Understanding Security Deposits in NYC

Understanding Security Deposits in NYC

As a landlord with property in New York City, it is essential for you to have a thorough understanding of NYC security deposit law. Without a proper understanding, you could potentially lose out on money that is rightfully yours or you may find yourself in legal trouble for violation of the laws. To that end, here are some basics that you should know.

Security Deposit Limits

According to NYC security deposit law, there is no limit on the maximum amount that a landlord can charge for a security deposit. In the case of rent stabilized apartments, however, the maximum amount is typically capped off at one month’s rent. If a security deposit was collected prior to the apartment becoming rent stabilized, however, the original lease and security deposit amount is upheld until the lease is terminated.

Storing the Security Deposit

In the state of New York, the security deposit is considered the property of the tenant. As such, the landlord cannot charge a nonrefundable deposit. Also, the money must be placed in a trust within the state of New York for the term of the rental agreement. The money cannot be commingled with the landlord’s personal money and the landlord cannot use the money as if it is his or her own.
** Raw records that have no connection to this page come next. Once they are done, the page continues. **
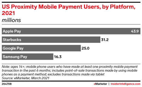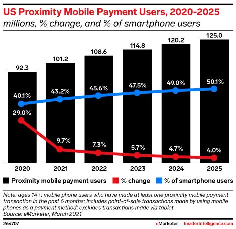 Last year, 92.3 million U.S. consumers age 14 or older used proximity-based mobile payments at least one time during a six-month period in 2020 — a figure the firm expects to grow to reach 101.2 million this year. And that usage is now on track to surpass half of all smartphone users by 2025, eMarketer forecasts.
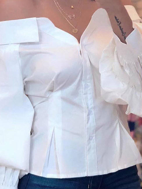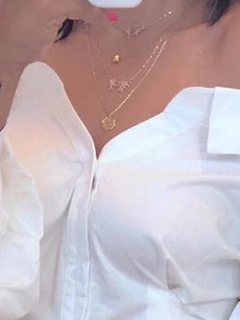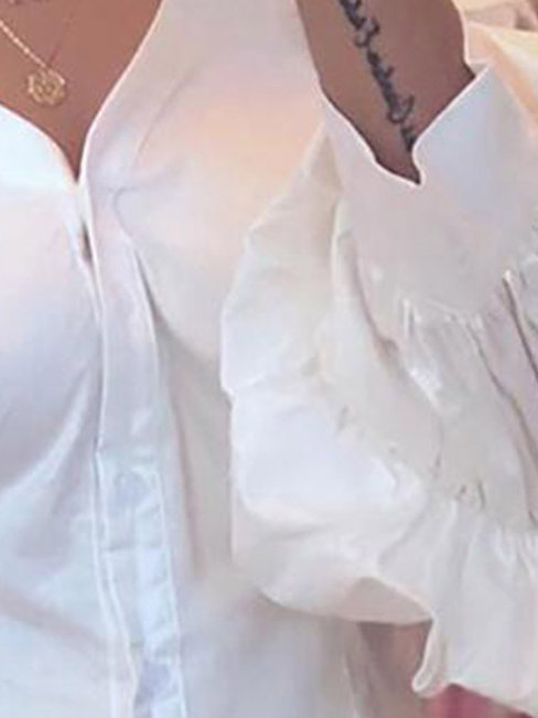 - White Standard Slim Western Polyester Patchwork Blouse (Style V201544)
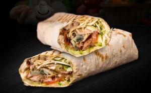 Состав: лаваш, чесночный соус, капуста, свежий огурец, томат, лук с зеленью, куриное мясо, перец халапеньо, острый соус

In the case of rental properties with six or more units, the security deposit must be placed in an interest-bearing account with a rate that is equivalent to the prevailing interest rate for similar deposits. Any interest earned on the deposit is the property of the tenant. The tenant can choose to have this money held in the trust until the end of the lease, to have it put toward rent or sent as a payment to the tenant each year. In this case, the landlord does have the right to collect an annual fee on the account that is equivalent to one percent of the security deposit.

Providing Notice

According to NYC security deposit law, the landlord must provide the tenant with a written notice of receipt after receiving the security deposit. This notice must include all of the following:

  • The name of the banking institution where the money has been deposited
  • The address of the banking institution
  • The total amount that has been deposited

If you sell your investment property or if it otherwise changes ownership, you must transfer the security deposits over to the new owner and notify tenants in writing about the change of ownership in certified or registered mail. This notification must include both the name and address of the new owner.

Keeping and Returning Security Deposits

Under NYC security deposit law, a landlord can keep a security deposit if the tenant causes damage that is beyond normal wear and tear. The security deposit may also be kept in order to cover unpaid rent or due to other breaches of the lease agreement. If there are no reasons for withholding the security deposit, you must return it at the termination of tenancy or within a “reasonable time” after. The law does not give an exact number of days by which it must be return.